Röhren-Nostalgie für's Wohnzimmer

120 alte sogenannte "Wohnzimmerradios", große schwere Kisten, hat Sepp Emmer in den vergangenen 25 Jahren gesammelt. Die meisten davon sind Flohmarktfunde. Einige wurden aber auch auf Wertstoffhöfen entsorgt. Ihre einstigen Besitzer wollten das "alte G'lump" nicht mehr haben. Vermutlich war ihnen der Radioapparat der Großeltern zu sperrig oder er funktionierte nicht mehr richtig. Dabei waren die "Wohnzimmerradios" damals richtig teuer. Ein Gerät kostete 180 bis 700 Mark. Dafür mussten die meisten Menschen lange sparen.

Über 20 Arbeitsstunden und viel Geduld

Der leidenschaftliche Sammler nimmt sich einige Stunden Zeit für jedes Gerät, um es auf Vordermann zu bringen. Stundenlang wird im Keller geschraubt, poliert, abgeschliffen und es werden Kabel geprüft. Der Siegsdorfer haucht dem alten Radio mit viel Geschick neues Leben ein. Zwischen 20 und 30 Arbeitsstunden braucht er, bis ein alter Radio-Kasten wieder hübsch aussieht und einwandfrei funktioniert. Das Wiederherrichten der teilweise ganz schön ramponierten und verstaubten "Wohnzimmerradios" ist Emmers Passion. Gerade in den Wintermonaten sitzt er stundenlang im Kellerraum des Hauses und tüftelt herum. Mindestens ein Gerät ist immer an: "Zur Unterhaltung höre ich nur Bayern 1, das ist mein Lieblingssender." Sepp Emmer verkauft das eine oder andere Sammelstück, das tipptopp restauriert zwischen 300 und 400 Euro kostet.
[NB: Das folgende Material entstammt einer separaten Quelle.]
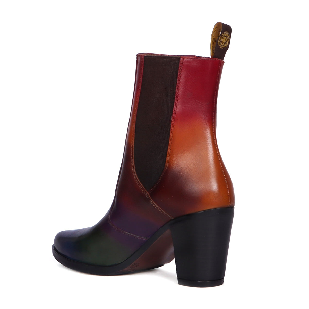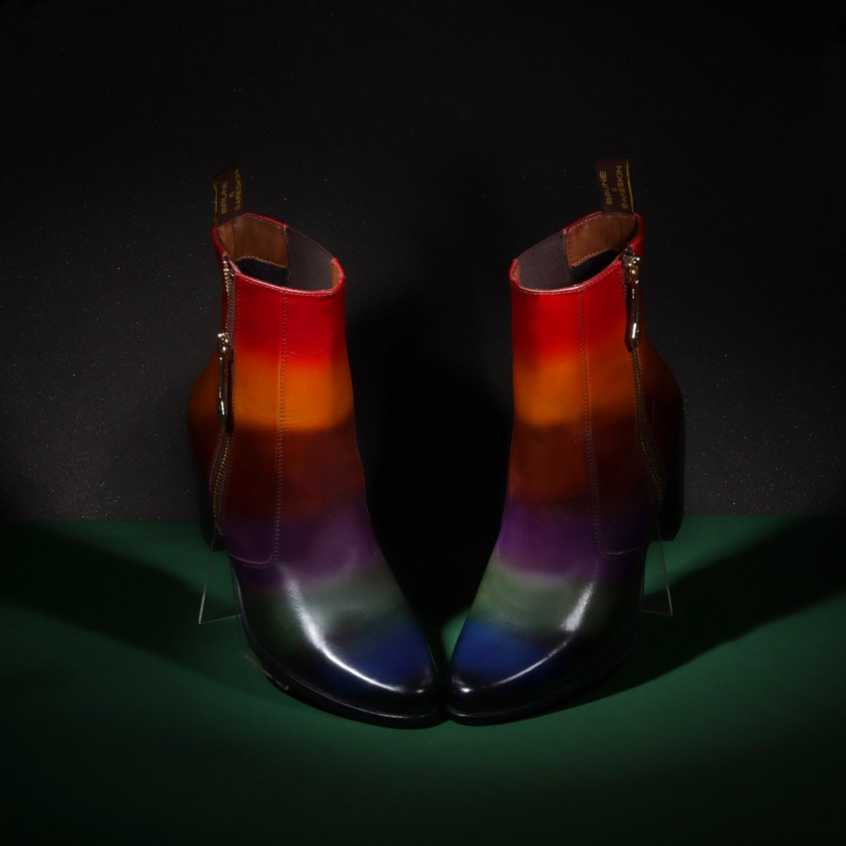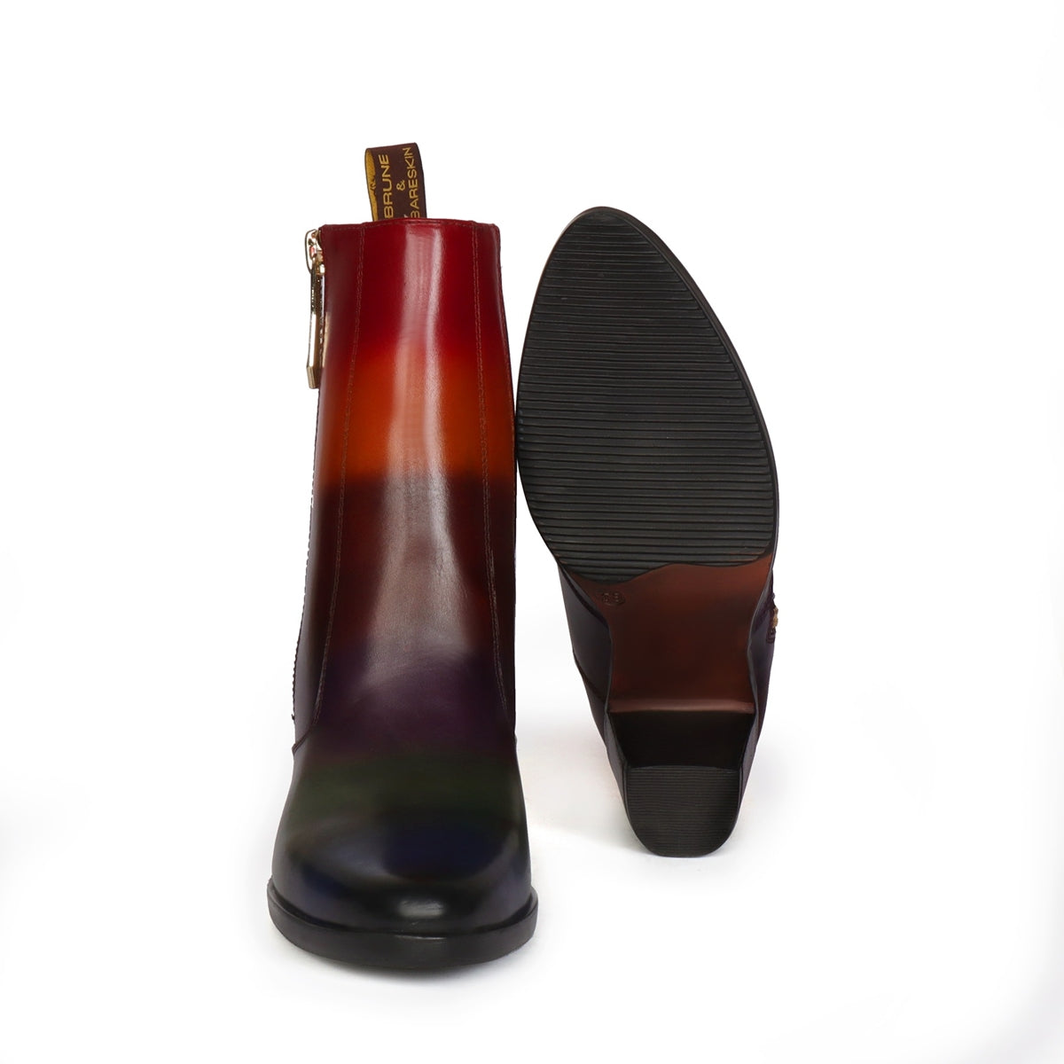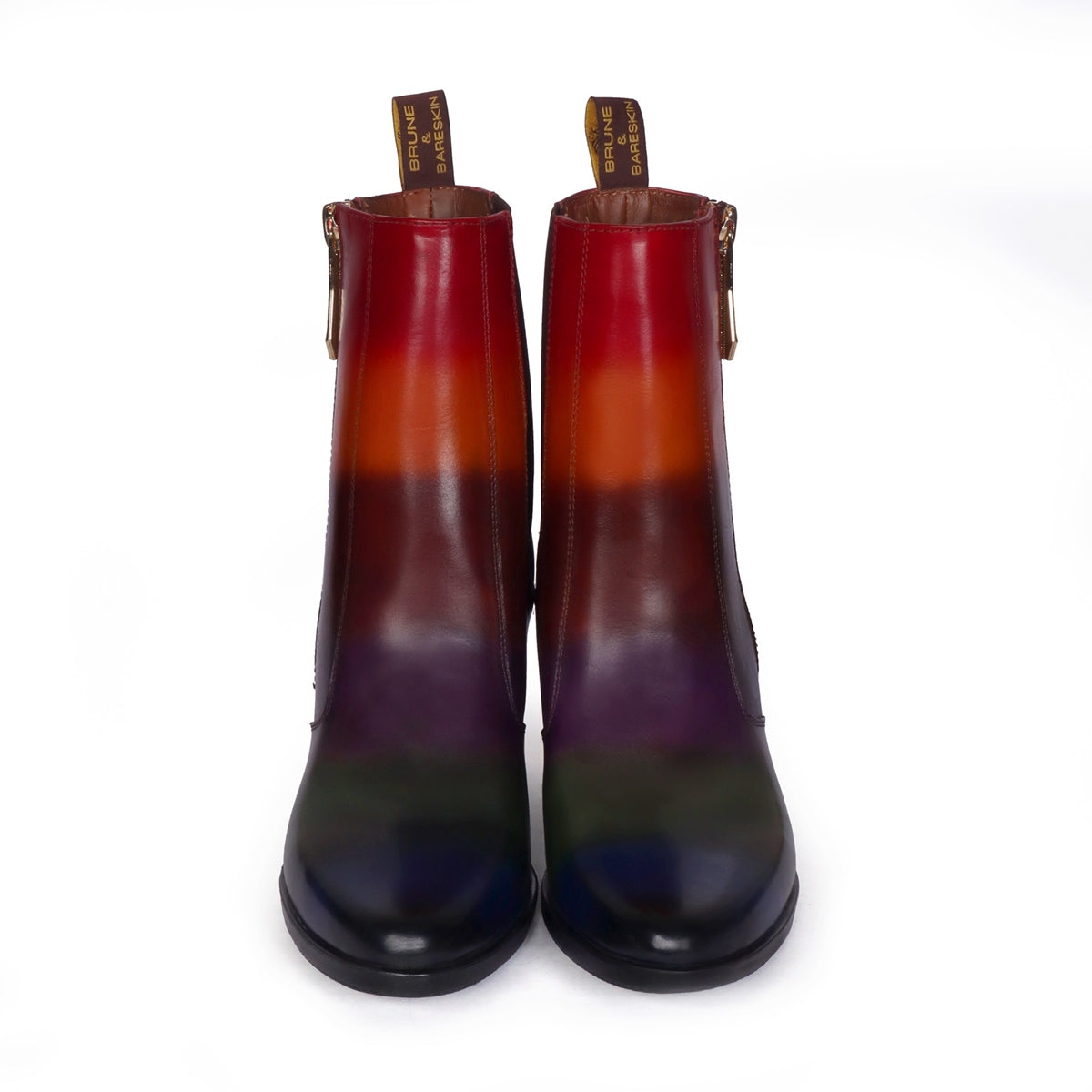Multi Colored Leather Ladies Blocked Heel Boots Pointed Toe Zip Closure by Brune & Bareskin

Modernes Bluetooth für alte Radioapparate

Und weil retro wieder in ist, können Oldie-Radios durch die Hilfe eines Bekannten sogar mit modernster Bluetooth-Technik ausgestattet werden. Das älteste Radio, das Sepp Emmer besitzt, stammt aus dem Jahr 1935. Damit lassen sich nicht nur alle empfangbaren UKW-Sender hören, sondern auch 40 digitale Sender. Er besitzt Siemens-Radios aus den 1950er-Jahren, die hinter zwei kleinen Falttüren verschwinden. Das Unternehmen Saba baute als einzige Firma in Deutschland Mitte der 1950-er Jahre Geräte, die damals bereits mit einer Fernbedienung ausgestattet waren. Die älteren Modelle vor 1950 hatten nicht einmal Tasten, sondern nur einen Einschaltknopf. Und sie hatten keine UKW-Sender, sondern nur Lang-, Kurz- und Mittelwelle.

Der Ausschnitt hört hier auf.